“Adımızı Ulu Önder Atatürk koydu: Atatürk’ün gazetesiyiz” diyorlar.
Doğrusu, işbu “Atatürkçülük” kamuflajı pek konforlu ve de kullanışlıdır.
Cumhuriyet’in aslında ‘Washington Portakalı’ olduğu gerçeğini “fevkalade iyi” perdeliyor!
“Laikliğin Kalesiyiz” diyen gazetenin Ankara Temsilciliği yeni binasına kavuştu.
Açılışa katılanlar arasında “olmazsa, olmaz” iki ünlü “Ultra Laikçi” yerlerini almıştı:
-Eski Cumhurbaşkanı Ahmet Necdet Sezer ile 367 Sabih Kanadson…

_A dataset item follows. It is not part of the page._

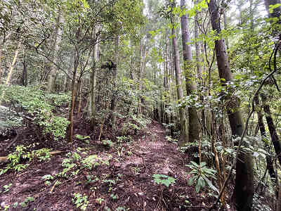 さて、権現山へ向かう。作業道はこの先から笹が茂るので笹を分けて進み、足下には大葉擬宝珠のつぼみを見つけた。梅雨真っ盛りの時期なので足下には草が茂り、周囲にも樹木が茂り慎重に足場を選びながら進む。ただし、作業道歩きなので道を間違える心配は無い。緩やかな傾斜の道を進んでいると作業道終点に到着、この先からは尾根道に入る。

“Bu ikilinin Baronlar Konseyi’nde sandalyesi var mıdır?” diye hep merak etmişimdir!
“SAHTE BAYRAK” SALLIYORLAR
İki gün önceki açılışta misafirlerini ağırlayan Cumhuriyet Vakfı’nın Başkanı Alev Coşkun, “Holdinglerin gazetesi değiliz. Yandaş gazetesi de değiliz” demiş…

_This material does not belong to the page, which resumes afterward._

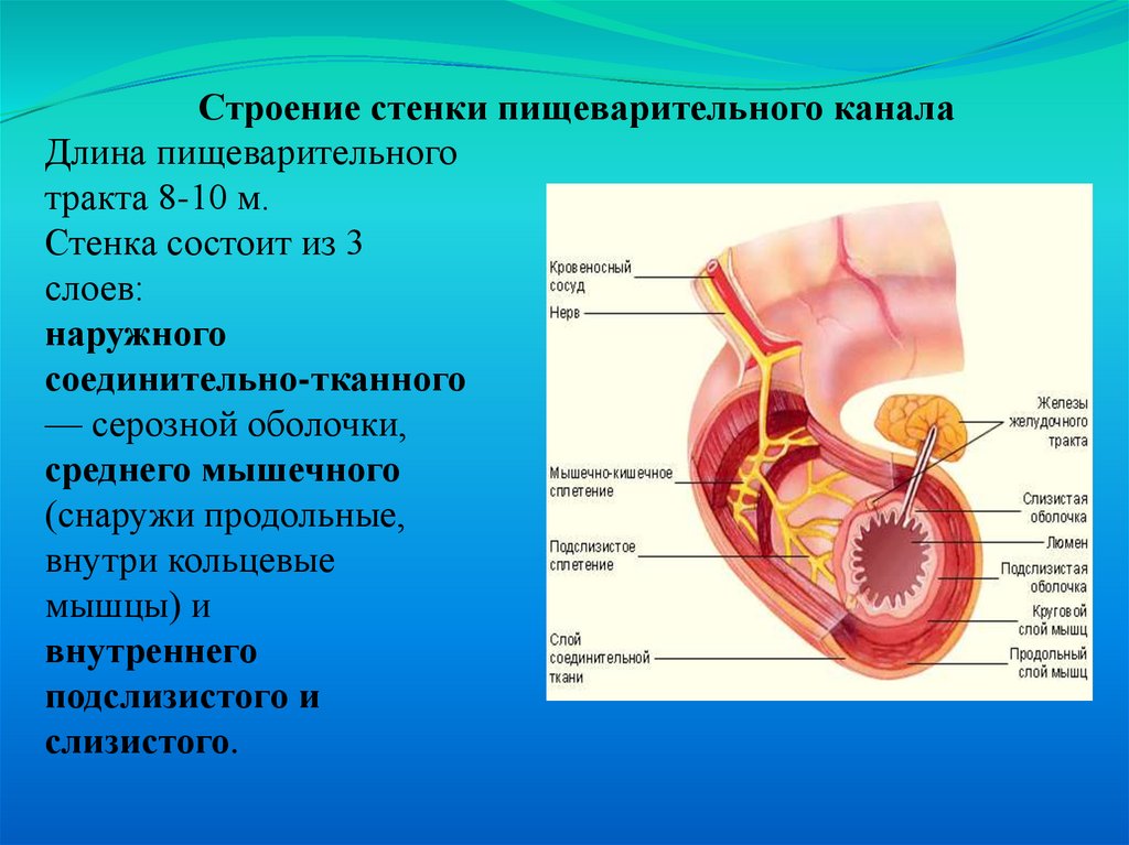 Строение стенки пищеварительного каналаДлина пищеварительного

Çok uzun yıllardır False Flag (Sahte Bayrak) sallayan “Solcu-Devrimci” Cumhuriyet, gerçekte Komprador Burjuvazi’nin çıkarlarını kolluyor!
Türkiye’deki mevcut iktidarı yıkmak isteyen Sam Amca’sının yandaşıdır.
NEREDEN KOŞTU, GELDİ?
Mister Coşkun, gençlik yıllarından beri Derin Kulvarda “koşan, koşturulan” bir isimdir…
“Made in USA” 27 Mayıs darbesinin hemen öncesinde “sahaya sürülen” protestocu gençler arasındaydı.
*
Rasim Cinisli’nin “Bir Devrin Hafızası” adlı kitabında (Sayfa: 75) şu satırlar yazılıdır:
“Alev Coşkun ve Orhan Birgit’in başını çektiği elemanlar; aralarında Mehmet Barlas, Nurettin Sözen, Bozkurt Nuhoğlu, Ahmet Güryüz Ketenci gibi militanların da yer aldığı gençleri sahaya sürmüşlerdi…”
DAVETTEKİ YUMRUKLAŞMA
Emine Uşaklıgil’in “Benim Cumhuriyet’im” adlı kitabında; 16 Şubat 1969’daki “Kanlı Pazar” olayının gecesinde Mehmet Barlas’ın evindeki davette yaşananlar anlatılır.
Barlas Çifti; Gaziantep yemekleri eşliğinde, Cumhuriyet’in ağır toplarını -Nadir Nadi’den İlhan Selçuk’a, Ecvet Güresin’den İsmail Cem’e kadar- eşleriyle birlikte ağırlamışlardı.
Gecenin ilerleyen vaktinde Cumhuriyet’in Genel Yayın Müdürü Ecvet Güresin ile yazar İlhan Selçuk arasında başlayan tartışma, önce küfürleşmeye ardından yumruklaşmaya varmıştı.
Neticede, Ecvet Güresin işini kaybetmişti.